> _SOURCE MATERIAL_:

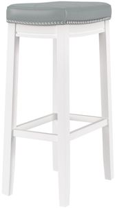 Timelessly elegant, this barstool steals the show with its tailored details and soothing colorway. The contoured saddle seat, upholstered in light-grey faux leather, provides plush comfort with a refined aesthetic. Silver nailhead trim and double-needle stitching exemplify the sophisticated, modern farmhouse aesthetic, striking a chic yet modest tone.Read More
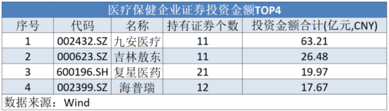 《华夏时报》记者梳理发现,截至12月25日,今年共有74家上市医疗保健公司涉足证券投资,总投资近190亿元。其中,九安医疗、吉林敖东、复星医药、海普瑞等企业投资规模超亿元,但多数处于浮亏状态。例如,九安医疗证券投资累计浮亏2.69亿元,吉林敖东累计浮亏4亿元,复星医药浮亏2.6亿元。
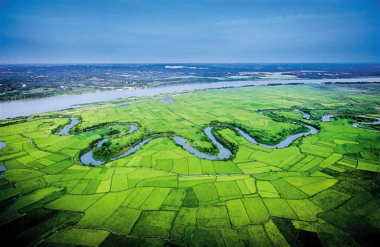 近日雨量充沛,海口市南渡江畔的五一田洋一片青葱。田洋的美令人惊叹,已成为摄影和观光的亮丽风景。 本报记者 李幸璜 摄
---
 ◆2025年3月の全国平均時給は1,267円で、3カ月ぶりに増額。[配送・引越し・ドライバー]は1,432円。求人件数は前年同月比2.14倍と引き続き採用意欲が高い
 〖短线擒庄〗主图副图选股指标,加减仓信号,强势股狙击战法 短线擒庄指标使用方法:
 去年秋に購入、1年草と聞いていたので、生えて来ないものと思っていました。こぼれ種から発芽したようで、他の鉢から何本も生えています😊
--
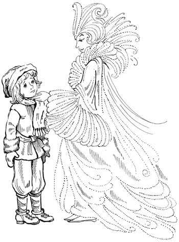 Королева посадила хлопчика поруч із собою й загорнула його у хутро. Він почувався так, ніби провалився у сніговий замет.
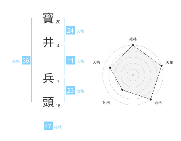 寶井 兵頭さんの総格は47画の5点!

> _WHAT YOU WILL DO_:
Using the data above, retype exactly the lines from the line with "Timelessly elegant, this" to the line with "近日雨量充沛,海口市南渡江畔的五一田洋一片青葱。田洋的美令人惊叹,已成为摄影和观光的亮丽风景。 本报记者 李幸璜", inclusive. No pictures and nothing else.

> _RESPONSE AREA_:
 Timelessly elegant, this barstool steals the show with its tailored details and soothing colorway. The contoured saddle seat, upholstered in light-grey faux leather, provides plush comfort with a refined aesthetic. Silver nailhead trim and double-needle stitching exemplify the sophisticated, modern farmhouse aesthetic, striking a chic yet modest tone.Read More
 《华夏时报》记者梳理发现,截至12月25日,今年共有74家上市医疗保健公司涉足证券投资,总投资近190亿元。其中,九安医疗、吉林敖东、复星医药、海普瑞等企业投资规模超亿元,但多数处于浮亏状态。例如,九安医疗证券投资累计浮亏2.69亿元,吉林敖东累计浮亏4亿元,复星医药浮亏2.6亿元。
 近日雨量充沛,海口市南渡江畔的五一田洋一片青葱。田洋的美令人惊叹,已成为摄影和观光的亮丽风景。 本报记者 李幸璜 摄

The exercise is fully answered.